Clinical AI Governance Committee Charter
Establish a healthcare-specific AI governance committee with clinical and technical expertise, defined quorum and decision rights, escalation authority over AI systems involved in clinical decision support and patient care, and a review cadence aligned to FDA Software as a Medical Device (SaMD) guidance and applicable state clinical standards.
Critical Infrastructure AI Risk Assessment and Containment
Define a sector-specific risk assessment process for AI systems deployed in critical infrastructure environments — including energy, water, transportation, and financial market infrastructure — that addresses operational technology (OT) blast-radius containment, consequence-of-failure analysis, and cross-sector dependency risk distinct from standard enterprise AI risk frameworks.

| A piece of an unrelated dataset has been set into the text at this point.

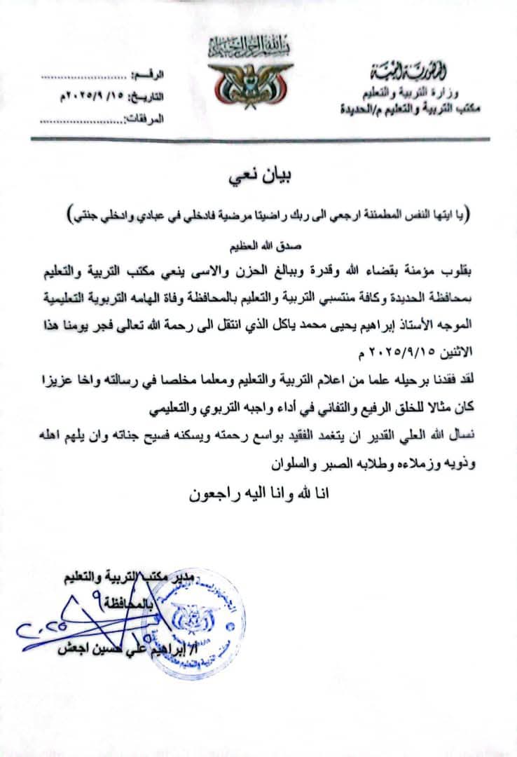 مكتب تربية الحديدة ينعي وفاة المعلم ابراهيم ياكل

Insurance Sector AI Documentation Standards
Establish documentation standards for AI systems used in insurance underwriting, claims adjudication, pricing, and fraud detection that meet state insurance commissioner market conduct examination expectations, NAIC model bulletin requirements, and applicable state-level algorithmic accountability obligations.

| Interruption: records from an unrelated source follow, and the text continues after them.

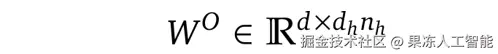 这里,W^O 是输出投影矩阵,把拼接后的注意力输出从 (n_h · d_h) 维映射回原本的 d 维。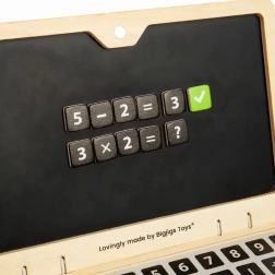 Dodatkowo dołączone jest solidne etui do łatwego przenoszenia, dzięki czemu ten laptop jest idealny w podróży. Rodzice mogą być spokojni, ponieważ drewno użyte do produkcji jest zrównoważone i spełnia europejskie normy bezpieczeństwa.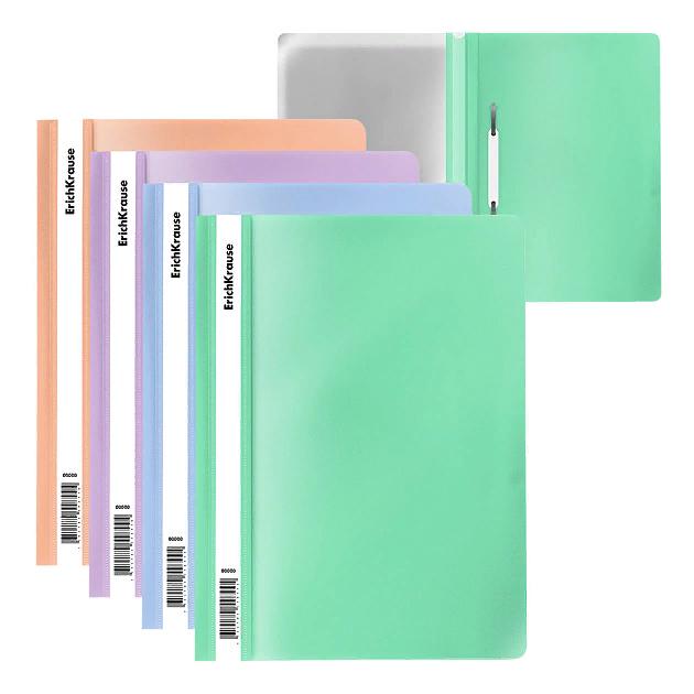 | | Скоросшиватель (папка) мягкий пластиковый с прозрачным верхом А4 ErichKrause Fizzy Pastel MIX Ассорти  Папка-скоросшиватель пластиковая формата А4 из высококачественного пластика с текстурой поверхности "апельсиновая корка", на которой не видно отпечатков пальцев и мелких царапин. Предназначена для быстрого сшивания, хранения и просмотра документов. Цвет папки – ассорти: фиолетовый, желтый, голубой, розовый. Папки разного дизайна упакованы в минимальной партии. Товар представлен в ассортименте без возможности выбора цвета/дизайна. Механизм - механический скоросшиватель; прозрачный верхний лист; усиленный пластиковый корешок с прозрачной полосой для информационной карточки Папка вмещает до 130 бумажных листов. Размер - 312х230 мм, толщина верхнего листа - 0.12 мм, толщина - 0.18 мм. |

National Security and Dual-Use AI Risk Assessment
Establish a risk assessment process for AI systems and AI research activities that could constitute dual-use technology — with applications in both commercial and national security or weapons contexts — addressing BIS export control obligations, ITAR compliance for defense applications, dual-use research of concern protocols, and foreign adversarial misuse monitoring.
Self-Hosted Open-Weight AI Model Governance
Establish an intake policy and governance controls for AI model weights downloaded from public repositories and deployed in the organization's own infrastructure, addressing integrity verification, license compliance, safety evaluation before deployment, and ongoing update management distinct from vendor-hosted AI procurement.

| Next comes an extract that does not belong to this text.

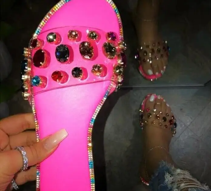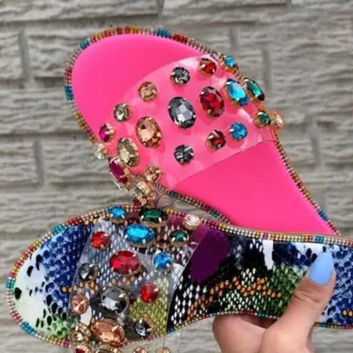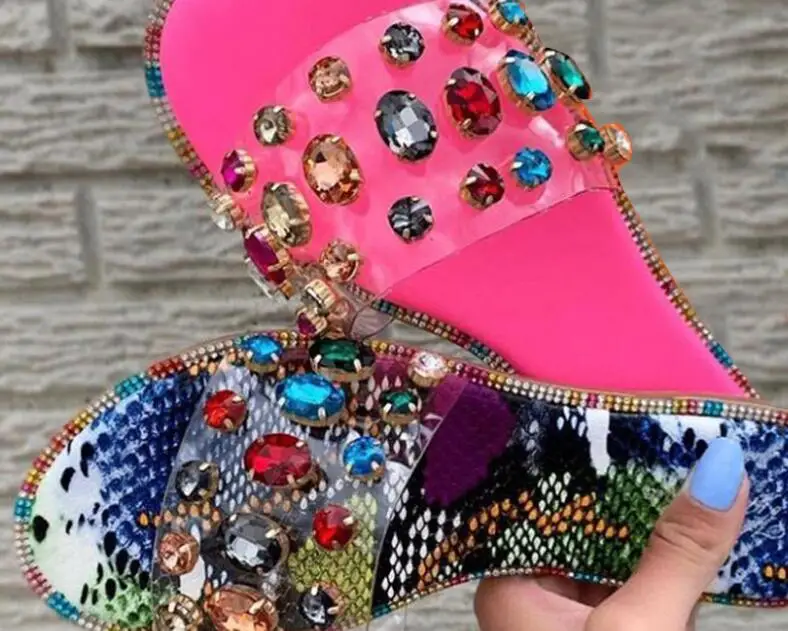Шлепанцы с цветными камнями, с бусинами, Нескользящие, для лета, 2021

Consumer and External AI Tool Acceptable Use Policy
Establish an acceptable use policy for employee and contractor use of consumer-grade and externally hosted AI tools — including public AI assistants, browser-based AI tools, and AI-enabled SaaS features — that defines permitted uses, data handling restrictions, access controls, and onboarding attestation requirements to manage shadow AI risk.
AI-Specific External Complaints and Redress Mechanism
Design and operate a formal mechanism for external parties — customers, employees, subjects of AI decisions, and members of the public — to submit complaints about AI system outputs or decisions, receive timely responses, access human review of AI-assisted decisions upon request, and obtain meaningful redress where the AI decision was incorrect or unfair.
AI System Algorithm Register
Design and maintain a standardized register of deployed AI systems — public-facing or internal — that documents each system's purpose, decision scope, risk classification, data inputs, and accountability contacts, meeting emerging algorithmic accountability requirements from the EU AI Act, New York Local Law 144, Amsterdam-model algorithm registers, and equivalent frameworks.